Вся правда

Дмитрий Авилов
Про армию никогда не напишут всю правду, чтобы не выдать военную тайну. Именно поэтому всю правду и я писать не стану. Да я её никогда и не знал, а теперь ещё и не помню.

 К примеру, не знаю, как в других частях, но в нашей о предстоящей внезапной проверке, учениях и боевой тревоге узнали где-то за месяц. Ну, мы-то уж точно за месяц, мы ж связисты.

 Я в тот день, как раз в ожидании вакансии, ошивался на телеграфном узле, поскольку свою дальнейшую воинскую карьеру связывал именно с ним. Дело в том, что у меня была гражданская специальность — телеграфист. Я её себе честно вымучил в школе на УПК. Ну так вот, мы-то эту телеграмму и приняли.

 И пока один клеил ленточку и оформлял документ для господ офицеров, другие уже звонили в роту и «радовали» товарищей. Может быть, именно тогда впервые у меня и возникла параллель с крепостными.

 Нам пришло высочайше повеление: пойти за сарай, срезать по хворостине и выпороть себя, но непременно внезапно.

 Как бы там ни было, часть принялась готовиться к учениям и предстоящей тревоге. Поначалу всё складывалось как нельзя более удачно. Незадолго до означенных мероприятий к нам в бригаду передали три старых сломанных бэтээра. Можно сказать, привезли в автопарк умирать.

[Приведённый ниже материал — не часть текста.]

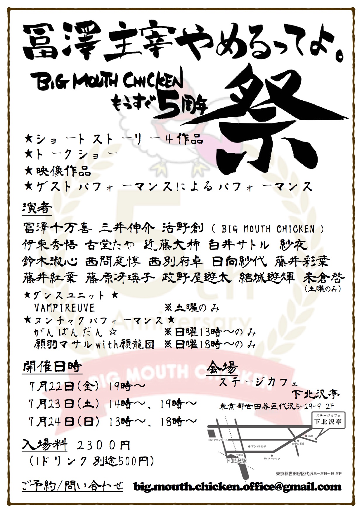 | アクセス | ステージカフェ下北沢亭 住所:東京都世田谷区代沢5-29-9 2F |

 Три стальные щербатые чушки, скинули у боксов на гравий, и земля содрогнулась. Но водилы у нас были по-хорошему наглые, грамотные и рукастые. Поменяли двигатели, перебрали трансмиссию, подчистили, подлопатили-подлатали, подкрасили, и всё заработало. Были, конечно, проблемы — то что-то в них не желало синхронизироваться, то ещё что-нибудь, но в итоге всё победили и со всем справились.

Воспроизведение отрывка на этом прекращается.